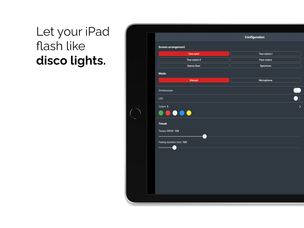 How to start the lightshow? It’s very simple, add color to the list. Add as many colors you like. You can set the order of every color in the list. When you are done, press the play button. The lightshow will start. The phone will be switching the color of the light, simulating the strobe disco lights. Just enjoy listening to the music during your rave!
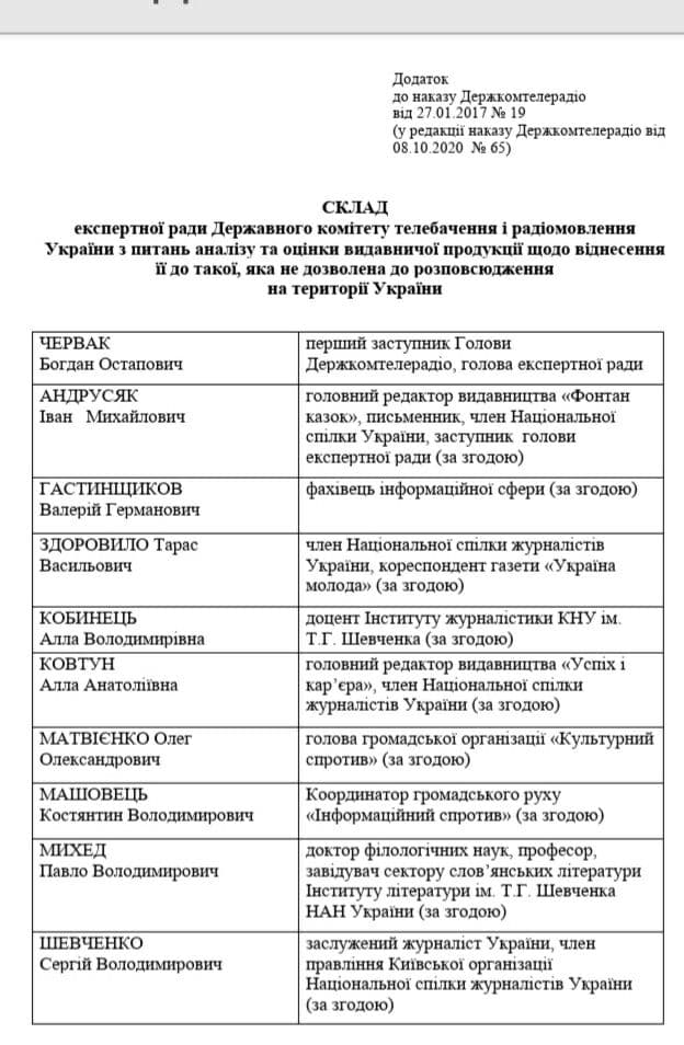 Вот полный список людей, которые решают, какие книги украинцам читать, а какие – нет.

________________________________________

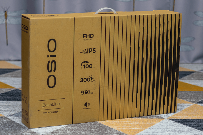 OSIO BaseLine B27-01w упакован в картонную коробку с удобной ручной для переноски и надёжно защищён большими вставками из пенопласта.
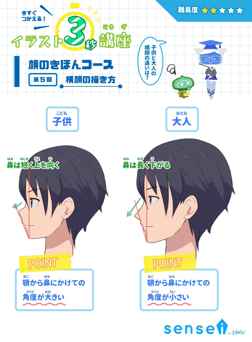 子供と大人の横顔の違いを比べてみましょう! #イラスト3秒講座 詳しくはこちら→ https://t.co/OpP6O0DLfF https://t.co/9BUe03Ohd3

________________________________________

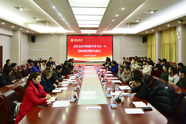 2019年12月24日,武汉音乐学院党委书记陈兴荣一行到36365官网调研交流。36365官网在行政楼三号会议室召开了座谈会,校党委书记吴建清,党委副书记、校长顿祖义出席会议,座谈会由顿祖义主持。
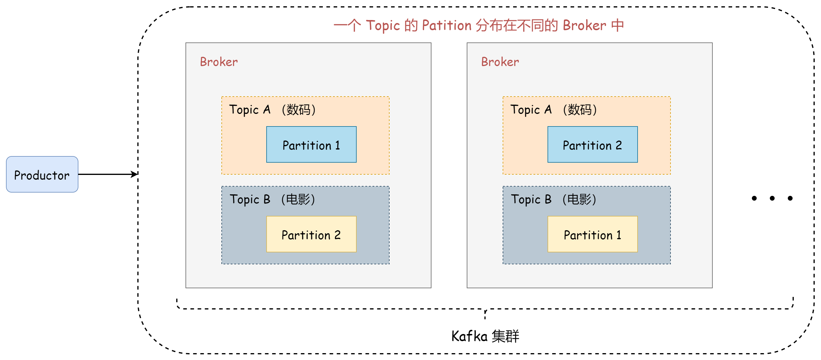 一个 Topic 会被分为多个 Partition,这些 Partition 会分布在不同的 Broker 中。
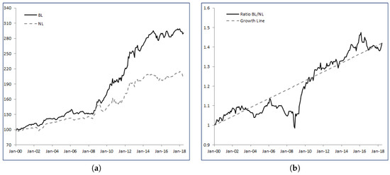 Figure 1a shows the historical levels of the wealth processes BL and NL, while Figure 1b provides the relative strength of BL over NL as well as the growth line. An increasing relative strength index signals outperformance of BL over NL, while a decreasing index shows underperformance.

________________________________________

Work instructions: In the data above, find the line with "How to start" and the line with "Вот полный список". Please copy exactly those two lines and every line between them, but not the pictures.

Your solution:
 How to start the lightshow? It’s very simple, add color to the list. Add as many colors you like. You can set the order of every color in the list. When you are done, press the play button. The lightshow will start. The phone will be switching the color of the light, simulating the strobe disco lights. Just enjoy listening to the music during your rave!
 Вот полный список людей, которые решают, какие книги украинцам читать, а какие – нет.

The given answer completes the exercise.